By Phillip Schlechty
I recently received a copy of a report written by Paul E. Barton entitled “National Education Standards: Getting Beneath the Surface” from ETS (Educational Testing Service). (Copies can be downloaded here.) The report is worth reading; in fact, I read it twice.
I came away feeling sorry that many of those who are pushing for national standards either do not understand the complexity with which they are dealing or do not believe it is really that complex—or they are somehow so blinded by their own agendas that they do not see what they need to see in order to do what they want to do.
Among other things, Barton reminds us that there are many kinds of standards: for example, opportunity standards, standards for what should be taught, and standards for what should be learned. Sadly, the standards of greatest concern to those who argue for national standards are usually limited to those having to do with standards related to scores on standardized tests.
Clearly, if we are to truly have national standards we need to think much more deeply about what we mean by the word standards. For example, what are the differences between and among the meanings of the words standard, goal, benchmark, and indicator? How does evaluation differ from assessment, and what is the difference between an assessment and a test? When the word test is used within the context of the standards movement, is the meaning limited to paper- and-pencil tests? When I ask my grandson to read to me so that I may figure out if he can read, am I testing him or is something else going on?
There are, of course, no nice, neat, and simple answers to such questions. Standards are not goals, but it can be a goal to meet a standard. Benchmarks are not standards, but they can be used to mark progress toward meeting a goal. Can benchmarks also be used to track progress toward meeting a standard? That, I suspect, depends on how we define the word standard. Indicators are, I think, things—conditions and attributes we are willing to take as evidence that some more abstract condition is also present or being met. Does this mean that indicators are more concrete than the condition being indicated? That too depends. Sometimes indicators morph into standards. (That is what has happened with tests—or so I would argue.)
Tests are commonly referred to as assessments, but it is just as common to use tests to assess. (In this latter case, tests are tools in an assessment process. What then are the other tools?) Is evaluation simply another name for assessment, or is evaluation something we do in the process of assessing? If so, what else do we do in addition to testing and evaluating? (Thinking and analyzing might be useful places to begin—and to end—an assessment process.)
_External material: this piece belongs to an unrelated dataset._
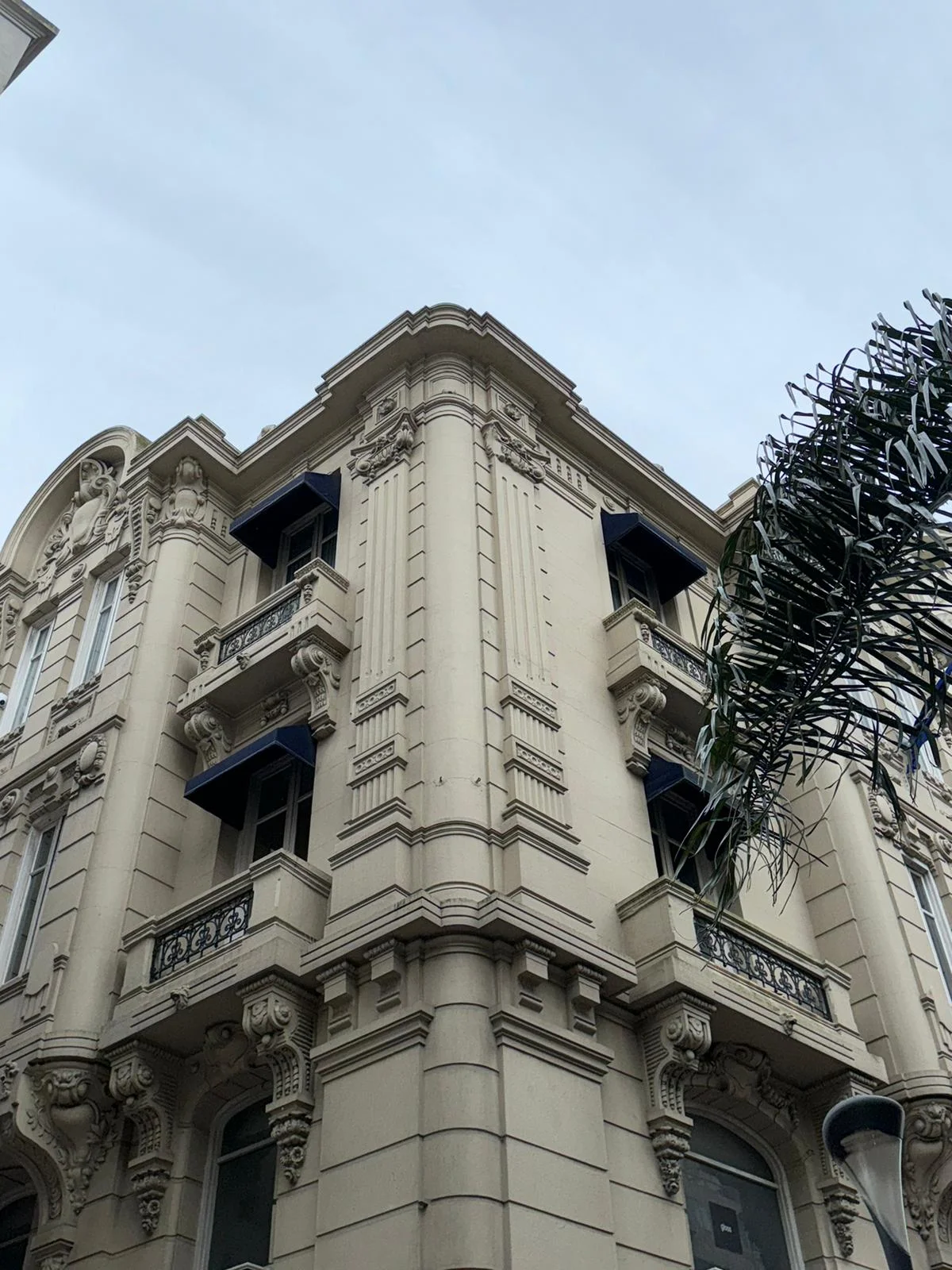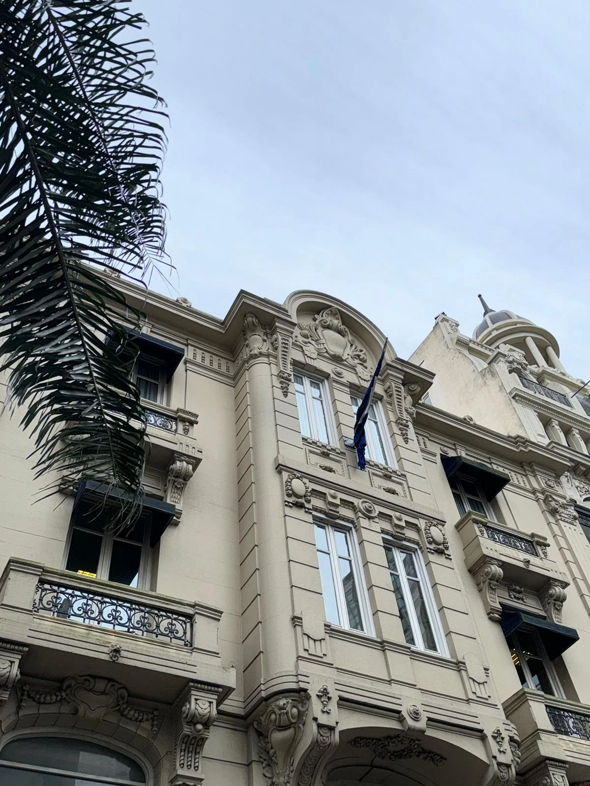 Fachada principal y lateral del edificio construido con estilo francés, con gran calidad de detalle y ornamentación destacándose características de elegancia. Se integra armónicamente con el entorno y contribuye por su contenido patrimonial al paisaje urbano.

Barton ends his very useful monograph with a quote from Albert Einstein which goes as follows: “You should make things as simple as possible, but not simpler.” Those who would use scores on paper-and-pencil tests as a substitute for standards make things simpler than they are. More than that, they threaten to render trivial and meaningless the idea that common standards are essential to quality education.
The thing that makes standards common is that they are embraced (not simply complied with) by those to whom they apply, as well as by those who must see to their application. That is why I argued in my earlier blog that standards may well be national standards but their assessment and enforcement should be local matters.